Why then not do what Banerjee suggests: take donor money away from governments and use it to build roads, power lines, schools, and clinics? No doubt we can do something of the sort. But as soon as these projects become large enough to do much good, they also become large enough to attract the rent seekers. In cases where there is no real government commitment to the poor, the money from such projects will be diverted into the projects the government would prefer or into the pockets of corrupt politicians or officials. To a government that would have built some roads and clinics in any case, the new funds are readily and legally fungible. According to the European Community, the total value of stolen assets in individual foreign accounts is equivalent to half of Africa’s outstanding debt. Of course, there are some governments that do have a real commitment to poverty reduction. But they have a good chance of doing it on their own, and the provision of large sources of discretionary funds may make it harder for them to control rent-seeking and corruption. When project aid is fungible or can be stolen, there may not be much difference between aid for projects and direct government aid. The view that aid only works when the country is already committed to improvement may or may not be “resolutely puritanical,” but it does have the virtue of recognizing the reality.

So where does evidence come in? Understanding how to improve the world is a global public good, and institutions such as the World Bank can gather evidence, store it, and help countries interpret it. Such a “knowledge bank” would be invaluable to governments that are genuinely looking for poverty reduction and want to learn from others’ mistakes and successes. I have no doubt that randomized controlled trials would play a useful part in constructing this storehouse of knowledge.

But there are limits. Take Banerjee’s example of flip charts. The effectiveness of flip charts clearly depends on many things, of which the skill of the teacher and the age, background, and previous training of the children are only the most obvious. So a trial from a group of Kenyan schools gives us the average effectiveness of flip charts in the experimental schools relative to the control schools for an area in western Kenya, at a specific time, for specific teachers, and for specific pupils.

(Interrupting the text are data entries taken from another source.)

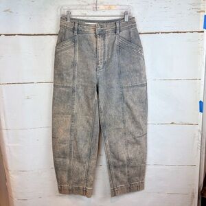 Pilcro light blue and pink acid wash barrel jean with front zipper and double button closure. Pre-owned. The bottom of the two buttons is loose (pictured) but otherwise excellent condition.
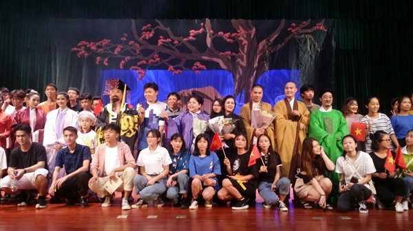 Sinh viên Trung Quốc chúc mừng các nghệ sĩ sau suất diễn vở Huyền thoại Gò rồng ấp
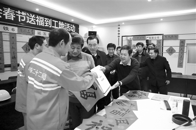 再过几天就是农历新年,中铁二十二局北京地铁6号线西延5标项目建设工地已经年味儿十足,中国铁建书法家协会9名员工书法家齐聚在此,为奋战在一线的建设者义写春联和”福“字,送去吉祥与祝福。(余智 陈聪)
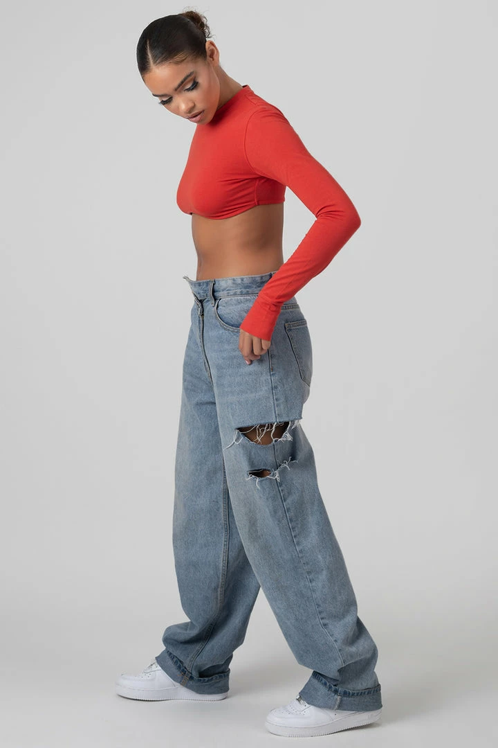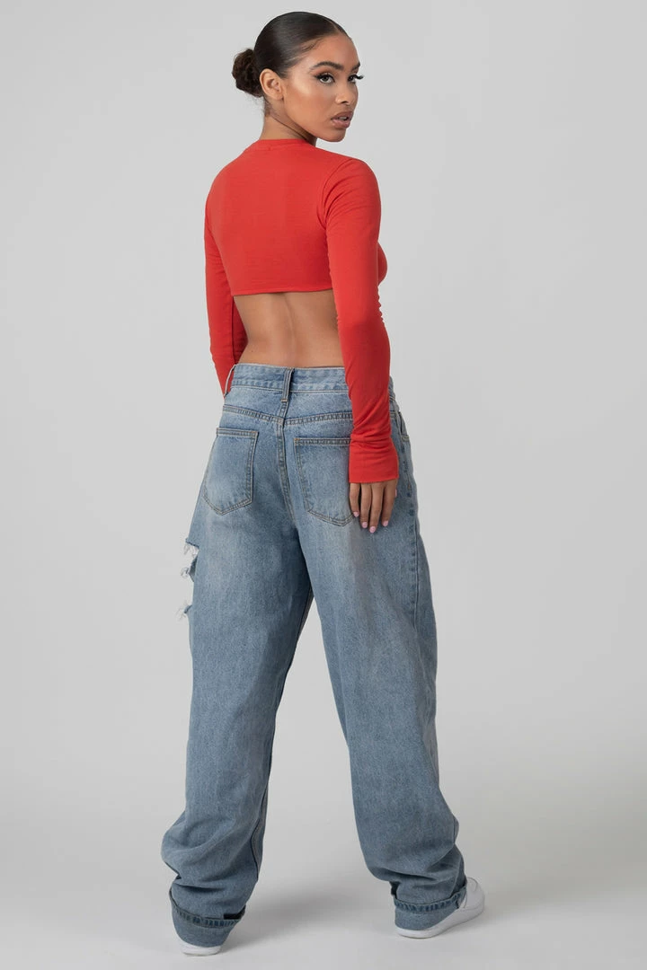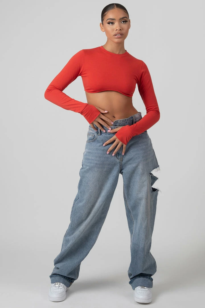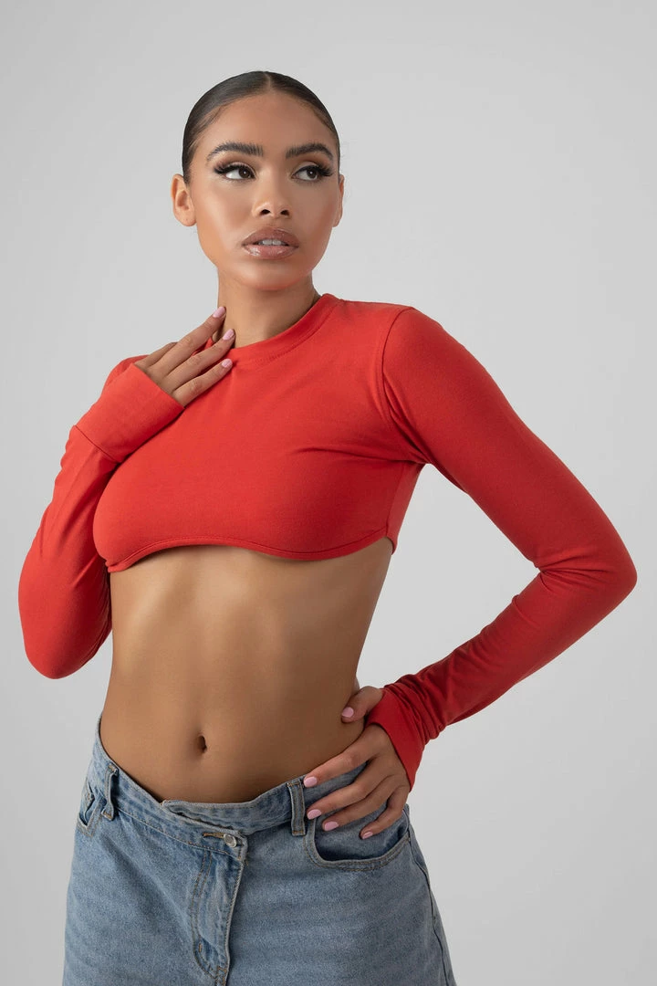 A long sleeve under bust detail super cropped t-shirt in red with thumb hole details.
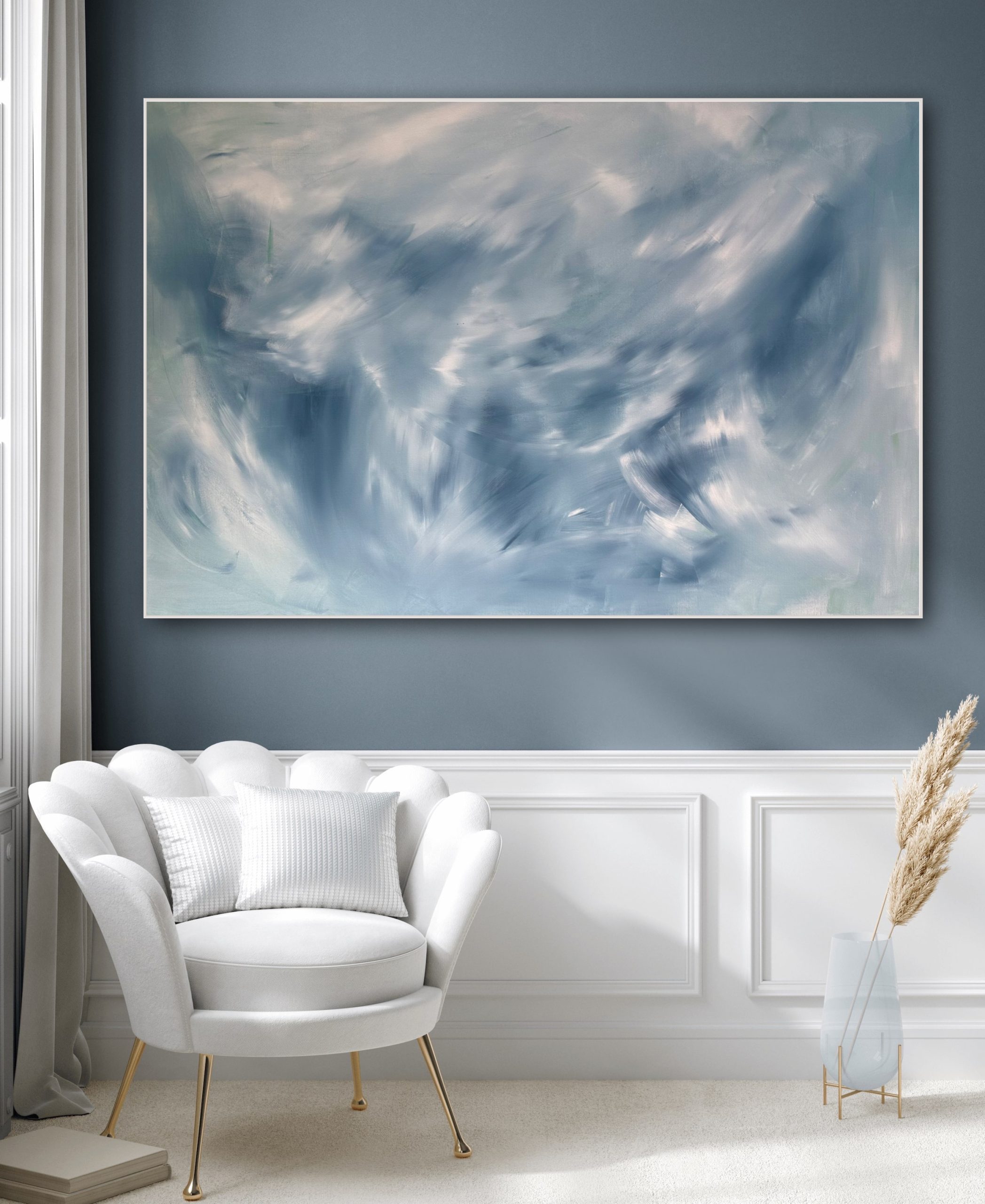 This expressive extra large abstract has large brushstrokes to create movement and flow. I hope this painting serves as a reminder of when you have decided to go against the tide, and not follow with what everyone else does or chooses.

It is far from clear that this evidence is useful outside of that situation. This qualification also holds for the much more serious case of worms, where the rate of reinfection depends on whether children wear shoes and whether they have access to toilets. The results of one experiment in Kenya (in which there was in fact no randomization, only selection based on alphabetical order) hardly prove that deworming is always the cheapest way to get kids into school, as Banerjee suggests.

The comparison with the FDA is very much to the point, but only because exactly the same problems come up. For a specific doctor facing a specific patient, the average outcome of a randomized controlled trial will often be unhelpful. The physician usually has some theory of how the drug works and also an understanding of her patient, who might, for example, be elderly, frail, overweight, and an ex-smoker, with a history of responding to some medications and not others. Therefore the physician will often not prescribe a drug that passed its randomized controlled trial with flying colors and instead prescribe one that did less well but that is a better fit for the patient. Much of medicine is not “evidence-based,” for good reason.

There is no simple way to use randomized controlled trials to eliminate global poverty. They are expensive and technically and politically difficult to do well. We must be careful to apply them only where there is a good chance that the results will be applicable elsewhere. Otherwise, we will be gathering evidence, not knowledge.